Only the lines from the one containing "The group on" through the end of the listing are to be transcribed, exactly and with both ends included.

- Extracted information -

★ ★ ★

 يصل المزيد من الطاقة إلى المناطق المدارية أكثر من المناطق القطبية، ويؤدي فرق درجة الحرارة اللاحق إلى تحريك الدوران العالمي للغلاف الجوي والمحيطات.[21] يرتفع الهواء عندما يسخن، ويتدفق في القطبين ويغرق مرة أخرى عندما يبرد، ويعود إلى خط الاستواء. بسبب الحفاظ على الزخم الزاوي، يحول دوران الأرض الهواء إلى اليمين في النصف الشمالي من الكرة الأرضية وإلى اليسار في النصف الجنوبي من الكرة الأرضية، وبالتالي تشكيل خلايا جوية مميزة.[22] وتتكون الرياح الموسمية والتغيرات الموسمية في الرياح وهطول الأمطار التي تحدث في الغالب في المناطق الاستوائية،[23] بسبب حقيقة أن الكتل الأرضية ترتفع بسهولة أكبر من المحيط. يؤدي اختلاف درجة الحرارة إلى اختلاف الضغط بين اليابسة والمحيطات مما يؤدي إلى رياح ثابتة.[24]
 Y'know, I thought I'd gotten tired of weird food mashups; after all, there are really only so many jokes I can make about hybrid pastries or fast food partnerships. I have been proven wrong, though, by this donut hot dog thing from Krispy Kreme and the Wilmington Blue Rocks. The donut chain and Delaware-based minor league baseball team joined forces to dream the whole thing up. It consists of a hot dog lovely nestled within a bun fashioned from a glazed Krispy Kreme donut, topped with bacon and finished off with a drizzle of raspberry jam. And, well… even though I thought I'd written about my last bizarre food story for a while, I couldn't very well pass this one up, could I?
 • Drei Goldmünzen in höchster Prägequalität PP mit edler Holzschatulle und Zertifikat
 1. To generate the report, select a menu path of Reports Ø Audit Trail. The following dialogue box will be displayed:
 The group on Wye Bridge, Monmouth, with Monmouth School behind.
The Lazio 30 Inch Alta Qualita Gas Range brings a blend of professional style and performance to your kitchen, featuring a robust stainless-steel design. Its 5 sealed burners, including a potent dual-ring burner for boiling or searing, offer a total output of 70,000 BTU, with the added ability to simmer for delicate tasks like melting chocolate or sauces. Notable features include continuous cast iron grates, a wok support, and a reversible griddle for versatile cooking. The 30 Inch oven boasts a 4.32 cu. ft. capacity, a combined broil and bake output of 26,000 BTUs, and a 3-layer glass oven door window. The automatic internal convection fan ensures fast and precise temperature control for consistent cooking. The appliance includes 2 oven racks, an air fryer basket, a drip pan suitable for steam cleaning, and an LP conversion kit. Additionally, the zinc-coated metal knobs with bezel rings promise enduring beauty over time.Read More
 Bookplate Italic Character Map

★ ★ ★

- Written solution -
 The group on Wye Bridge, Monmouth, with Monmouth School behind.
The Lazio 30 Inch Alta Qualita Gas Range brings a blend of professional style and performance to your kitchen, featuring a robust stainless-steel design. Its 5 sealed burners, including a potent dual-ring burner for boiling or searing, offer a total output of 70,000 BTU, with the added ability to simmer for delicate tasks like melting chocolate or sauces. Notable features include continuous cast iron grates, a wok support, and a reversible griddle for versatile cooking. The 30 Inch oven boasts a 4.32 cu. ft. capacity, a combined broil and bake output of 26,000 BTUs, and a 3-layer glass oven door window. The automatic internal convection fan ensures fast and precise temperature control for consistent cooking. The appliance includes 2 oven racks, an air fryer basket, a drip pan suitable for steam cleaning, and an LP conversion kit. Additionally, the zinc-coated metal knobs with bezel rings promise enduring beauty over time.Read More
 Bookplate Italic Character Map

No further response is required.